• _Problem description_: Throughout the records below, find each line holding "your" and copy it.

╭─ Data for the task

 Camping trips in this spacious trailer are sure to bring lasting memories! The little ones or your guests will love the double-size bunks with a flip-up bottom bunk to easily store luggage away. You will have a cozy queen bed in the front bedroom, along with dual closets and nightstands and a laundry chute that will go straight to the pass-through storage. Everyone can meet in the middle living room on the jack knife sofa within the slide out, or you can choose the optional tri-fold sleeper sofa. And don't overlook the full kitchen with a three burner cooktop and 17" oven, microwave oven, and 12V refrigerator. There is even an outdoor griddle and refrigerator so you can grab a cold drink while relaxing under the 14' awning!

╰─
╭─ Data for the task

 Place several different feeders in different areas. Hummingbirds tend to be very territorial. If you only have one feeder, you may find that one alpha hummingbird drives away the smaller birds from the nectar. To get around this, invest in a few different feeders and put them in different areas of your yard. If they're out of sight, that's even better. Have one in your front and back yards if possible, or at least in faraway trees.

╰─
╭─ Data for the task

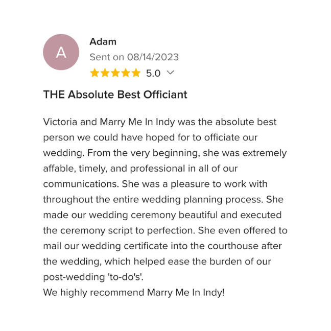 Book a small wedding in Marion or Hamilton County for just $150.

╰─

• _The answer_:
 Camping trips in this spacious trailer are sure to bring lasting memories! The little ones or your guests will love the double-size bunks with a flip-up bottom bunk to easily store luggage away. You will have a cozy queen bed in the front bedroom, along with dual closets and nightstands and a laundry chute that will go straight to the pass-through storage. Everyone can meet in the middle living room on the jack knife sofa within the slide out, or you can choose the optional tri-fold sleeper sofa. And don't overlook the full kitchen with a three burner cooktop and 17" oven, microwave oven, and 12V refrigerator. There is even an outdoor griddle and refrigerator so you can grab a cold drink while relaxing under the 14' awning!
 Place several different feeders in different areas. Hummingbirds tend to be very territorial. If you only have one feeder, you may find that one alpha hummingbird drives away the smaller birds from the nectar. To get around this, invest in a few different feeders and put them in different areas of your yard. If they're out of sight, that's even better. Have one in your front and back yards if possible, or at least in faraway trees.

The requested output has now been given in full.